Quick start guide to pixieweb

pixieweb makes it easy to download open statistical data from PX-Web APIs — the platform used by Statistics Sweden (SCB), Statistics Norway (SSB), Statistics Finland, and many others. This vignette walks you from zero to a tidy tibble in five steps.

Step 1: Connect to an API

library(pixieweb)

scb <- px_api("scb", lang = "en")
scb

px_api() accepts a short alias ("scb", "ssb", "statfi") or a full URL. Use px_api_catalogue() to list known instances.

Step 2: Find a table

PX-Web organises data into tables. Each table holds a data cube with one or more dimensions (called variables). Use get_tables() to search:

tables <- get_tables(scb, query = "population")
tables

The result is a tibble. You can narrow it further on the client side with table_search(), and inspect tables with table_describe():

tables |>
  table_search("municipal") |>
  table_describe(max_n = 3, format = "md")

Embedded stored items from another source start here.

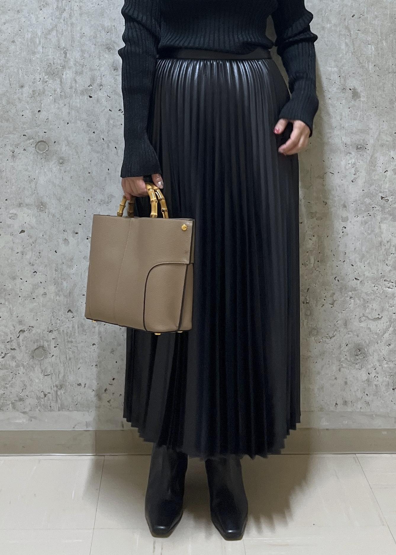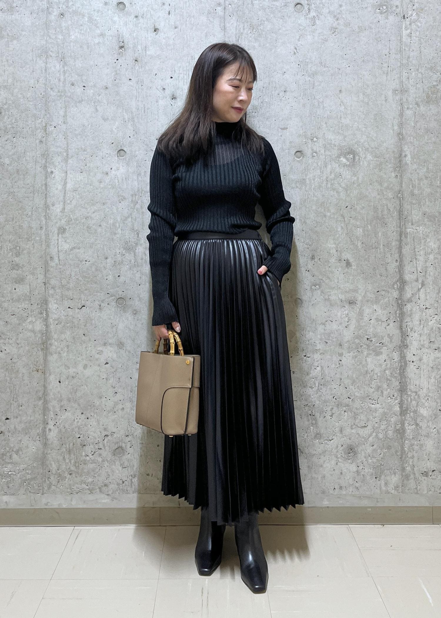 ROPÉシャイニープリーツスカート/イージーケアブラック / F¥26,400レビューふくらはぎが隠れる位の丈でした。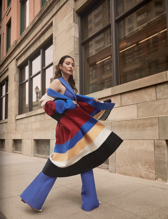 The Cape Coat ensemble, which was featured on the cover of Native Max Magazine’s July/August 2022 issue, worn by Indigenous Canadian Film, TV actress Jessica Matten, is part of the Misshapen Chaos of Well Seeming Forms collection. Knowing the meaning and story behind this look channels an appreciation and value that is mostly missed at point of purchase. Wanting to reinstate value in clothing, Emmerich operates solely within a circular fashion system and uses wool as a staple cloth throughout her brand. The ensemble is made from Pendleton® wool, offering renewable value. The look, inspired by the utility of Pendleton® blankets, preserves Emmerich’s heritage, while adopting a modern aesthetic, as she details, “The Cape Coat is inspired by blanket coats and traditional wool capes, bringing a contemporary twist to a traditional classic.”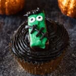 Press Kit Kats upside down into a frosted cupcake. Using a Wilton #104 petal tip for the green buttercream, cover the Kit Kat in a thin layer of frosting. Gently press on the candy eyes, then use a Wilton #3 writing tip and black buttercream to add hair and scars.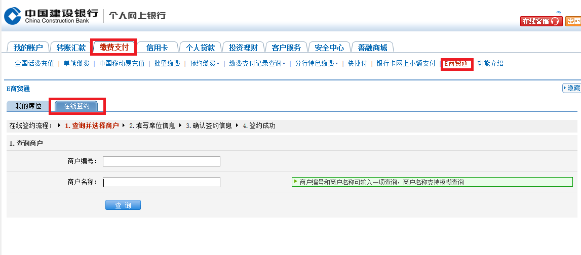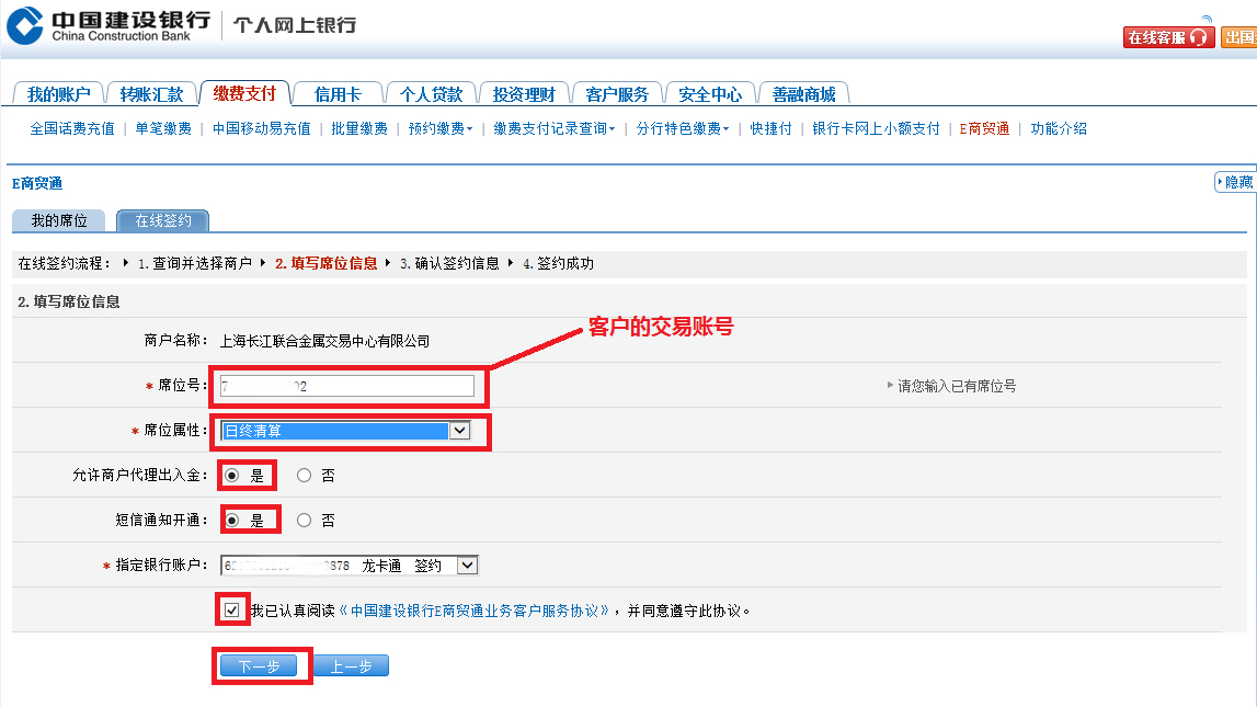 五、在商户名称中输入关键字:上海长江联合,点击“查询”按钮,选择商户“上海长江联合金属交易中心”,点击“下一步”。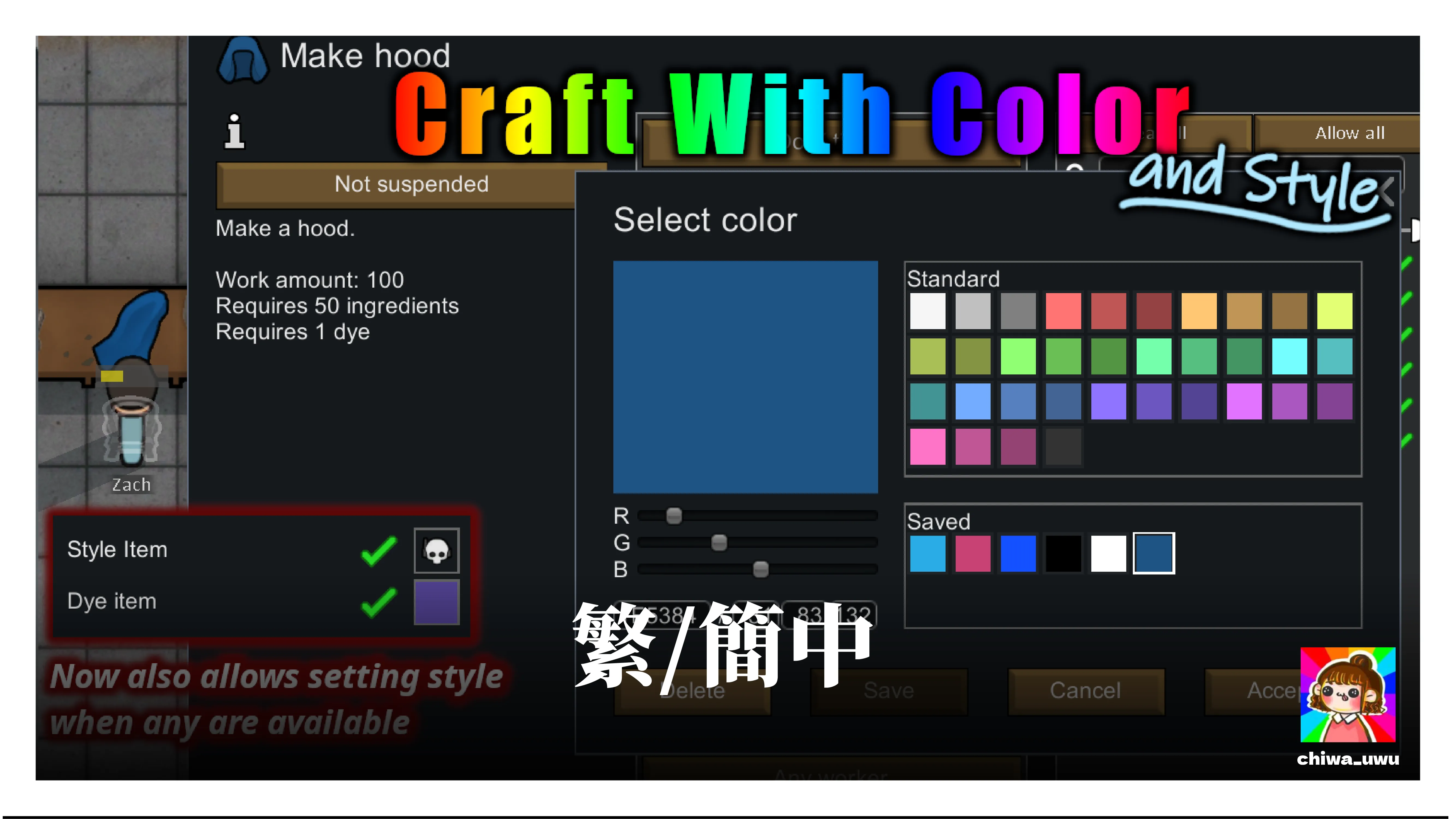 同時允許在梳妝台中使用任何顏色,而不僅僅是預設的色票。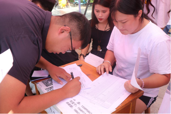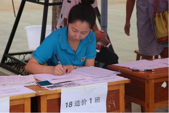 热情周到,忘我服务。迎新第一天,赵海成主任和孙龙湖书记便早早来到迎新现场,全体辅导员和班主任老师更是全程监督参与迎新工作,以确保迎新工作顺利完成。早上五点钟,学生会的同学们已经来到迎新地点进行布置,半个小时后全部迎新队伍便已全部到齐“严阵以待”。他们有的在门口辛苦地举着建筑工程系的牌子接应,有的在接待处耐心地接受家长和新同学的咨询,有的微笑着为学弟学妹办理手续……还有部分同学因场地有限一直默默地坐在帐篷后面等待着新同学办理完手续便带领他们去往宿舍区,由于接送的同学们都相当辛苦,一天结束平均每人下来来回跑了三四趟,甚至在最炎热的中午他们也主动积极地要求接送并细心地接过家长的行李,为他们送去了家人般的温暖。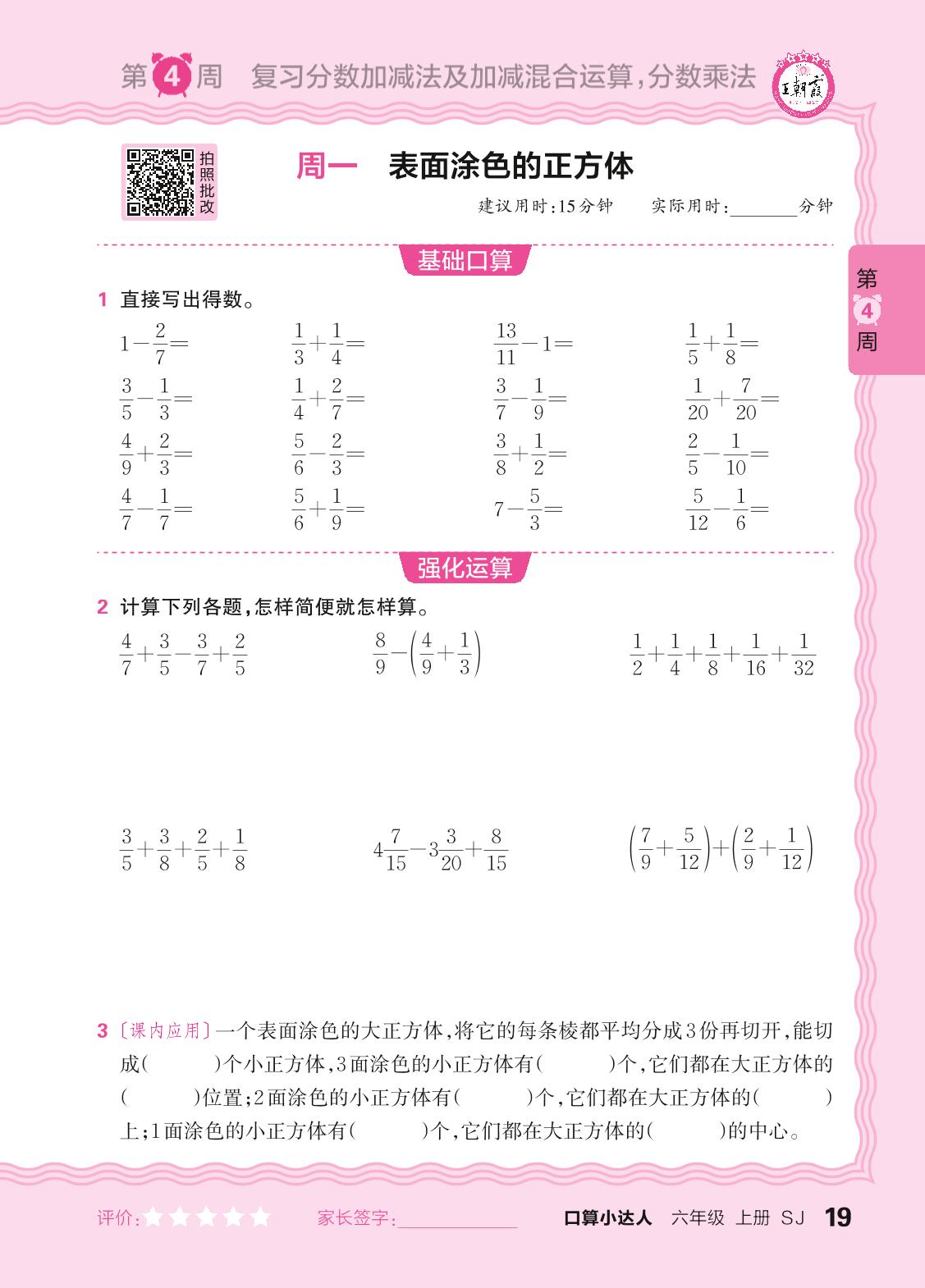 2024秋上册六年级数学苏教版 口算计算专练 第4周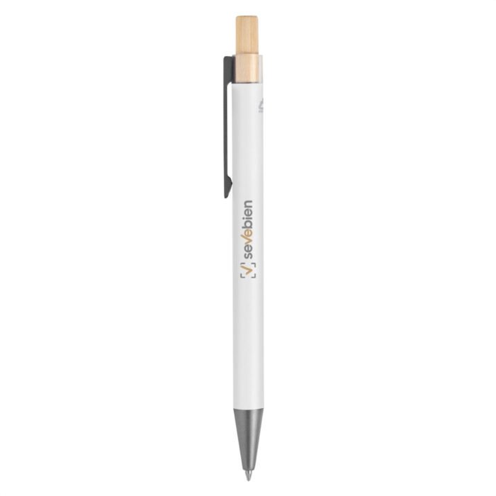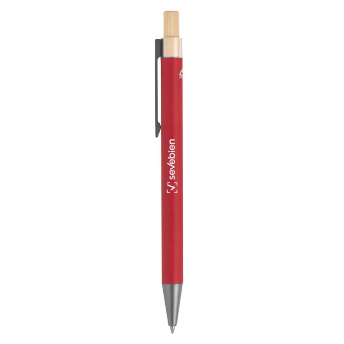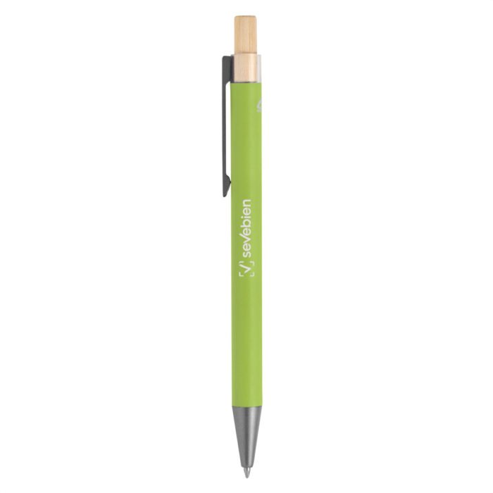 Elegancia y sostenibilidad. Bolígrafo retráctil. Cuerpo metálico en diferentes colores acabado mate. Clip metálico y puntera plástica color gris acabado mate. Pulsador de bambú.Medidas: 14 cm.
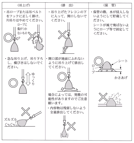 フレキシブルコンテナは重量物用容器であるため、安全管理に十分配慮して作業を行ってください。

table_describe() now shows the subject path, time period range, and data source alongside the title — making it much easier to pick the right table.

Step 3: Explore variables

Once you have a table ID, inspect what variables (dimensions) it has:

vars <- get_variables(scb, "TAB683")
vars |> variable_describe()

Each variable has a set of available values (codes). Look at a specific variable’s values:

vars |> variable_values("Region")

Step 4: Fetch data

Now you know which variables the table has and what values are available. Pass your selections to get_data():

ContentsCode tells the API what to measure (population, deaths, etc.). "*" means “all measures in this table”.
Variables you omit are eliminated — the API returns a pre-computed aggregate (e.g., omitting Kon gives totals for both sexes). Not all variables allow this; see vignette("introduction-to-pixieweb") for mandatory vs eliminable.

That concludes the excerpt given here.